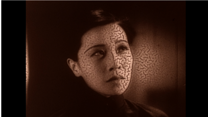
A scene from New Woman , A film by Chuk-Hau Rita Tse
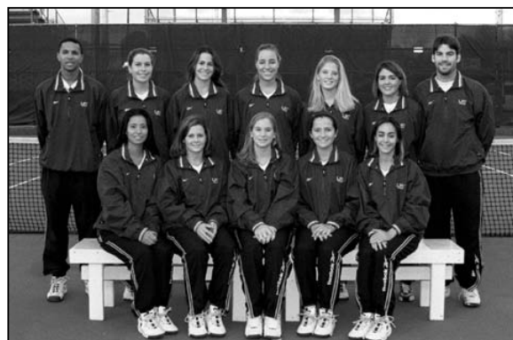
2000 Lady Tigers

#####

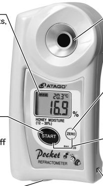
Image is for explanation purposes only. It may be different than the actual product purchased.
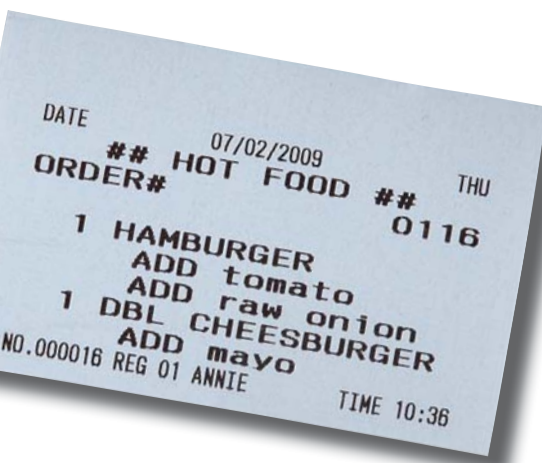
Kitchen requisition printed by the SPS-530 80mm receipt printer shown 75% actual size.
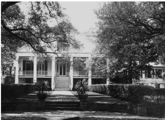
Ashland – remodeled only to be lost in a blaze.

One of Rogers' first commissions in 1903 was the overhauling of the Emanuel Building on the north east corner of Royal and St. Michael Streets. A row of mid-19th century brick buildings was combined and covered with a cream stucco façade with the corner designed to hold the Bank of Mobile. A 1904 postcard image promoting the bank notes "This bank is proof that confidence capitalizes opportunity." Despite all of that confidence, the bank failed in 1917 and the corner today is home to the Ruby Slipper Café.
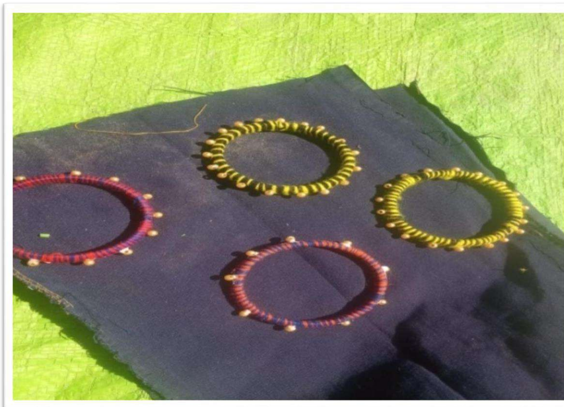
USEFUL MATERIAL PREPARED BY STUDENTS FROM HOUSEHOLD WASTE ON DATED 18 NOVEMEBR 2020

#####

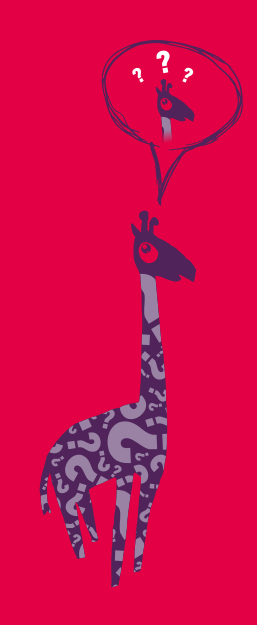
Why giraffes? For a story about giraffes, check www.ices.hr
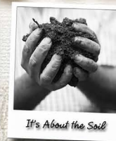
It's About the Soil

#####

## Description of the task
Output only the lines above from the line that holds "Image is for" through the line that holds "Ashland – remodeled", both ends included, and exclude pictures.

## Answer space
Image is for explanation purposes only. It may be different than the actual product purchased.
Kitchen requisition printed by the SPS-530 80mm receipt printer shown 75% actual size.
Ashland – remodeled only to be lost in a blaze.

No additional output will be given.